Positive results from RM Assessment’s live-stream experiment: using AI to translate test items during the Cambridge Assessment Network conference

Lisa Holloway

Gwyneth Toolan’s live workshop on April 17th, 2024, examined the differences between AI translation and HI (human intelligence) translation.

Gwyneth set out to prove that:

AI is not yet ready to automatically translate test items without robust user testing and human checks

In a post pandemic world and AI obsessed landscape, she set out to explore how we might make test items multilingual, in order to expand access to a global candidature while retaining test validity. However, Gwyneth believed that different tools would offer different outcomes, which was a threat to validity​, and also that human involvement would be needed to ensure cultural sensitivity to avoid offence and certify accuracy.

To find out more about how language translation is used within RM Assessment’s digital products, please visit our previous blog.

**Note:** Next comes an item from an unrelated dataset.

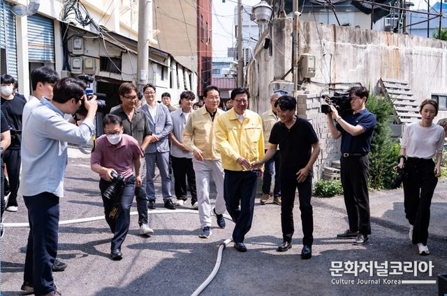 박형준 부산시장이 부산 로케이션 영화 <산복도로>의 촬영현장을 방문하여 감독과 스텝, 배우들을 만나 격려하였다.

Cambridge University Press and Assessment Network Conference_MATTHEW POWER PHOTOGRAPHY262 1

Cambridge University Press and Assessment Network Conference-MATTHEW POWER PHOTOGRAPHY

The session was full, so some delegates had to be turned away. At the beginning of the hands-on workshop, Gwyneth divided the subjects into 4 groups - translating English into Portuguese, German, Greek or Spanish. Each had a human translator, and the rest of the group had access to 3 free AI tools, as shown in the slide below:

Session Divisions

Copyright RM plc

Firstly, the groups uncovered flaws in some of the free AI tools. There were also some interesting observations about the validity of even attempting to turn English based assessments into assessments to be taken in additional languages, which wasn’t a surprise.

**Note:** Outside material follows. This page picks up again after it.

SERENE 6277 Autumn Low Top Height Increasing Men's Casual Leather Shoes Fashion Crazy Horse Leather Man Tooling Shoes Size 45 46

From this they were able to discuss the different profile global languages have on the world’s stage, rendering them fundamentally unequal. For example, using AI to translate French is a very different job to using AI to translate Zulu or Igbo or Icelandic. There were issues with consistency and context using AI. Everyone in the experiment could see how a human would need to be involved in any form of translation to ensure the process is robustly tested and validated. Again, this wasn’t a surprise.

As learner experience is at the heart of the assessment, the linguists agreed that using AI tools would mean this would be very poor.

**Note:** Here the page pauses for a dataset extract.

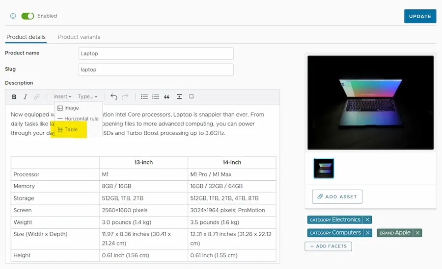 The rich text editor used for product & collection descriptions now supports HTML tables as well as iframe embeds.

A successful failure achieved

At the end of the experiment, it was acknowledged that Gwyneth and the 4 groups had proven the hypothesis:

AI is not yet ready to automatically translate test items without robust user testing and human checks

“To successfully fail is a technologist’s dream! What I hoped we would do in my workshop, was successfully fail, but all within a 30-minute session! This is seen as an agile approach where you run rudimentary tests as your starting point in order to validate assumptions really early on.” 

Gwyneth Toolan, Innovation Product Manager, RM Assessment

 

What recommendations did the workshop participants make?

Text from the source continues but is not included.